You are currently viewing Finał sezonu w Planicy bez Roberta Johanssona. „To nie czas, aby się przeforsowywać”
Robert Johansson (fot. Julia Piątkowska)

Finał sezonu w Planicy bez Roberta Johanssona. „To nie czas, aby się przeforsowywać”

Niestety oczekiwanie na lepsze wieści dotyczące stanu zdrowia Roberta Johanssona spełzły na niczym. Okazuje się, że ból pleców, który wykluczył norweskiego skoczka ze startów już podczas Mistrzostw Świata w lotach w Vikersund, pozbawi go także szansy na udział w zbliżającym się finale Pucharu Świata w Planicy. „To nie czas, aby się przeforsowywać. Najpierw musimy zlokalizować problem” – napisał na swoim Instagramie 31-latek.

 

Problemy z plecami Roberta Johanssona sięgają jeszcze wiosny minionego roku, kiedy to Norweg przeszedł zabieg dysku międzykręgowego. Popularny „wąsacz” zdołał się jednak wykurować i bez problemów przystąpić do zimowego sezonu 2021/2022. Niestety kłopoty powróciły w najgorszym możliwym momencie, czyli podczas czempionatu w lotach we własnej ojczyźnie. Podopieczny trenera Alexandra Stöckla na półmetku zmagań w Vikersund był szósty i wydawało się, że może śmiało myśleć o walce o medal. Niestety w finałowej rozgrywce, ze względu na uciążliwy ból pleców się nie pojawił.

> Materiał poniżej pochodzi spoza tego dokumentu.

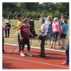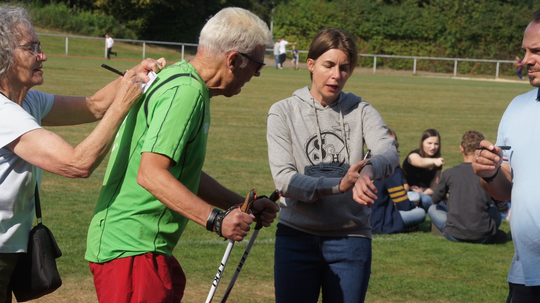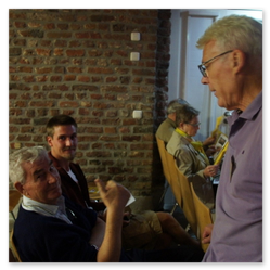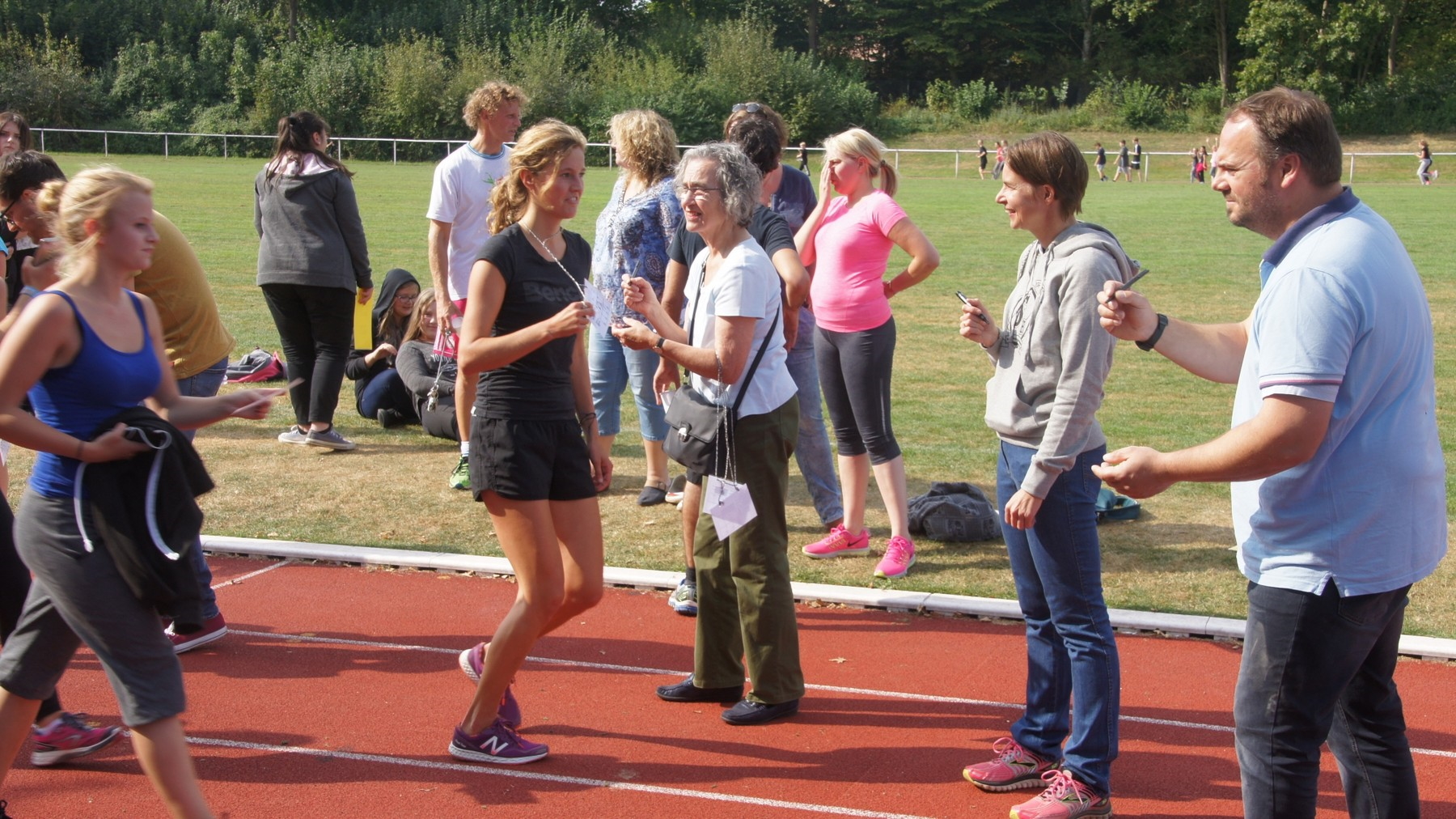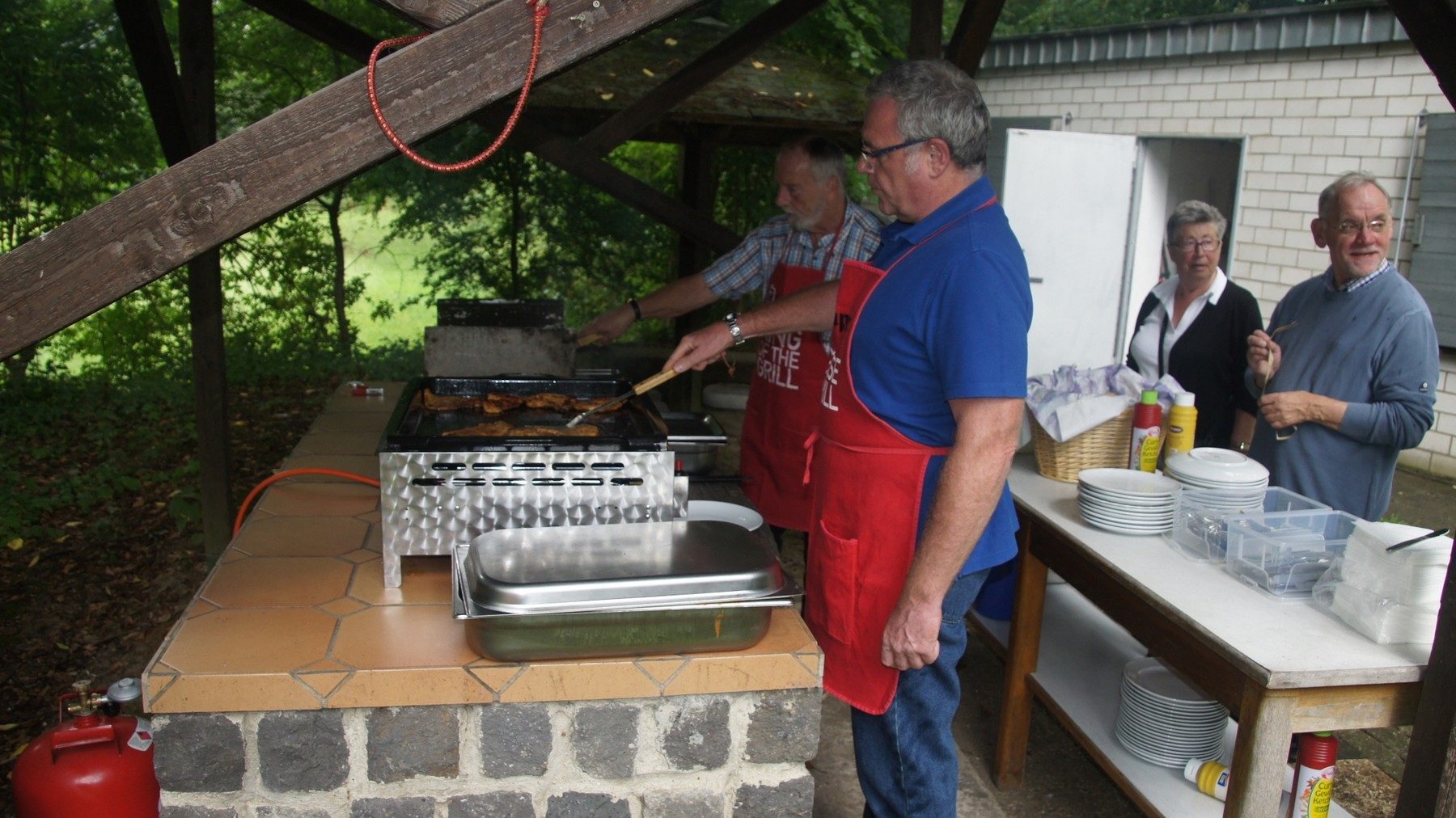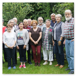 Auf der außerordentlichen Mitgliederver-sammlung wurde Bernd Esser am 29.06.2016 zum neuen Schatzmeister gewählt.Das rechte Bild zeigt die aktiven Mitglieder der Projektgruppe mit der alten Schatzmeisterin Angelika (3.v.l.) und dem neuen Schatzmeister Bernd (5.v.r.).(Es fehlen Marlies Wefers und Marianne Schmerz)

O dolegliwości Norwega informowaliśmy także przed zawodami Pucharu Świata w lotach w Oberstdorfie. Na skoczni im. Heiniego Klopfera 31-latek się nie pojawił. Wówczas szkoleniowiec ekipy z Kraju Fiordów przyznał, że priorytetem dla jego podopiecznego będą badania metodą rezonansu magnetycznego. W związku z tym start w Niemczech okazał się niemożliwy, choć jeszcze wtedy droga do finałowych lotów w Planicy była jeszcze otwarta.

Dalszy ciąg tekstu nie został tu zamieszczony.